Vantaggi
A handful of resilient, talented employees who deserve far better than the environment they’re forced to work in.
Svantaggi
Feeser’s Food Distributors operates on a leadership model built on unpredictability, avoidance, and a surprising degree of basic managerial incompetence. The “family business” brand positioning dissolves the moment you see how decisions are made internally — or more accurately, how they aren’t.
I was hired as Creative Director and ended up performing the responsibilities of a Director of Marketing without the title, clarity, or support that role requires. Despite raising the issue multiple times, nothing was formalized, addressed, or acknowledged. In three years, I had three supervisors. None stayed long enough or had the qualifications necessary to provide stable leadership. The turnover alone tells you everything you need to know.

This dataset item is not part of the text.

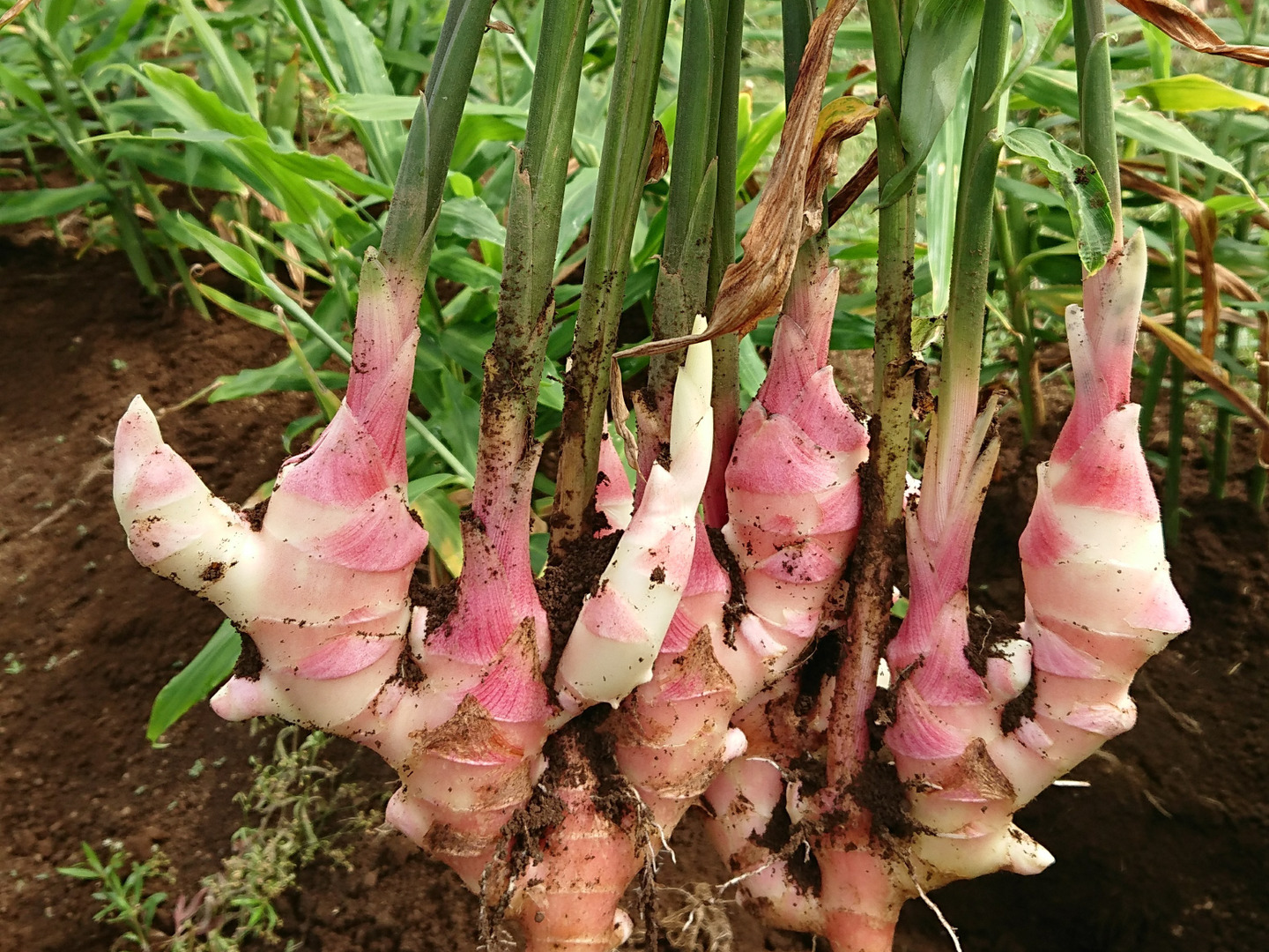 農薬不使用、化学肥料不使用、植物性の良質な肥料のみ使用した高品質の株ごと収穫した新生姜です。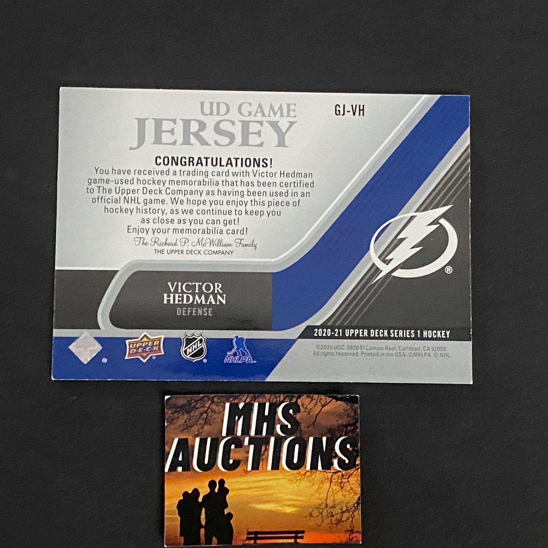 VICTOR HEDMAN 2020-21 U.D SERIES 1 JERSEY CARD

The leadership group, self-titled the “C-team,” behaves less like executives and more like a closed circle of individuals who rely heavily on outdated habits, personal allegiances, and instinct instead of strategy. Communication is inconsistent. Direction is vague. Accountability is rare. The environment functions on the unspoken expectation that employees compensate for leadership’s shortcomings.
It was also common for personal priorities to take precedence over actual business needs. I was frequently redirected toward tasks unrelated to the company’s operations, while legitimate marketing work was deprioritized or ignored. When I began asserting standard professional boundaries, access to leadership narrowed and support withdrew. It became clear that compliance was valued more than capability.
The company’s ongoing decline is not surprising. It is the predictable result of leadership that does not demonstrate the skills, awareness, or discipline required to steward a century-old business.